The records

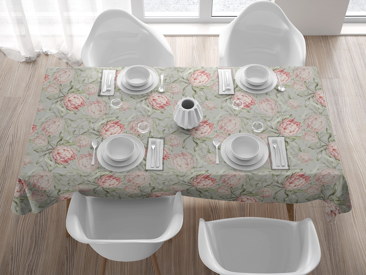 Each tablecloth is printed on 100% polyester which has been coated to make it easy-to-clean with only a damp cloth.
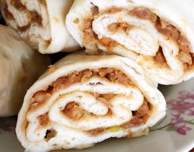 面团醒发好 擀成薄厚适中的面饼 均匀抹上馅料
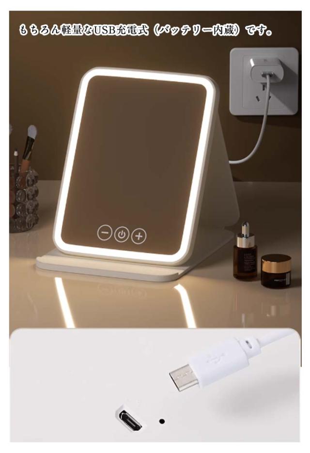 ライト付きミラー LED USB ライト付き 女優ミラー 充電式 卓上 充電 かがみ 鏡 スタンド ミラー タッチ ライト 明るさ調節 卓上鏡 化粧鏡 卓上ミラー タッチスイッチ スタンドミラー ライトミラー 化粧 メイク 女優ライト メイクミラー 新生活
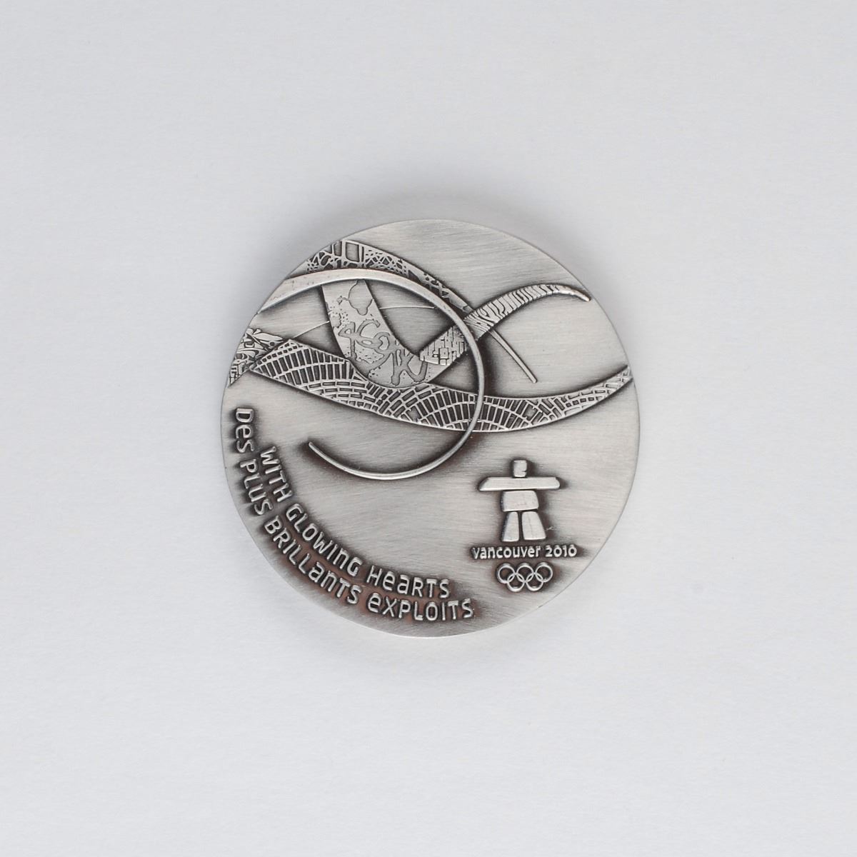 Athlete’s participation medal issued for the Vancouver 2010 Winter Olympics. Silvered, 60 mm, 89 gm. The front depicts a unique orca design and the Olympic rings; the reverse bears the Winter Games emblem, graphics inspired by Canada’s natural and cultural diversity, and a raised motto, “With glowing hearts, des plus brillants exploits.” Complete with original case.
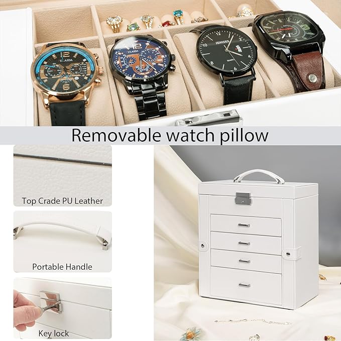 - 【5 LAYERS with 4 Versatile Pull Out Drawers & 2 Hidden Side Cabinets】 Multi-layer design to meet different storage needs,Top layer have 4 watch pillows.Drawer 1 includes a big ring roll and 4 ear stud cards.Drawer 2 includes 12 square compartments.Drawer 3 includes 4 compartments, suitable to store bracelets, chains, etc.Drawer 4 only has one compartment, deeper enough to store sunglasses or other big jewelries
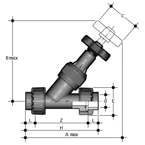 PVC-U Schrägsitzabsperrventil, Klebemuffe, EPDM
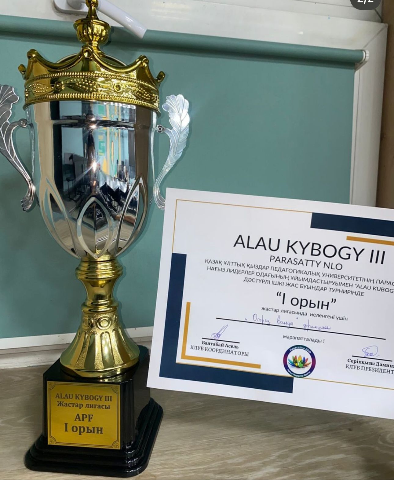 Қазақ Ұлттық Қыздар Педагогикалық Университетінің «Парасатты нағыз лидерлер» одағы ұйымдастырған “AIAU KUBOGY III” қалалық дәстүрлі жас буындар арасындағы пікірсайыс турнирінде Алатау ауданының намысын лайықты қорғап, I орынға ие болды.

Directions
Only the lines from the one with "PVC-U Schrägsitzabsperrventil, Klebemuffe, EPDM" through the final line of the entries above should be transcribed, exactly and without pictures.

Answer to this exercise
 PVC-U Schrägsitzabsperrventil, Klebemuffe, EPDM
 Қазақ Ұлттық Қыздар Педагогикалық Университетінің «Парасатты нағыз лидерлер» одағы ұйымдастырған “AIAU KUBOGY III” қалалық дәстүрлі жас буындар арасындағы пікірсайыс турнирінде Алатау ауданының намысын лайықты қорғап, I орынға ие болды.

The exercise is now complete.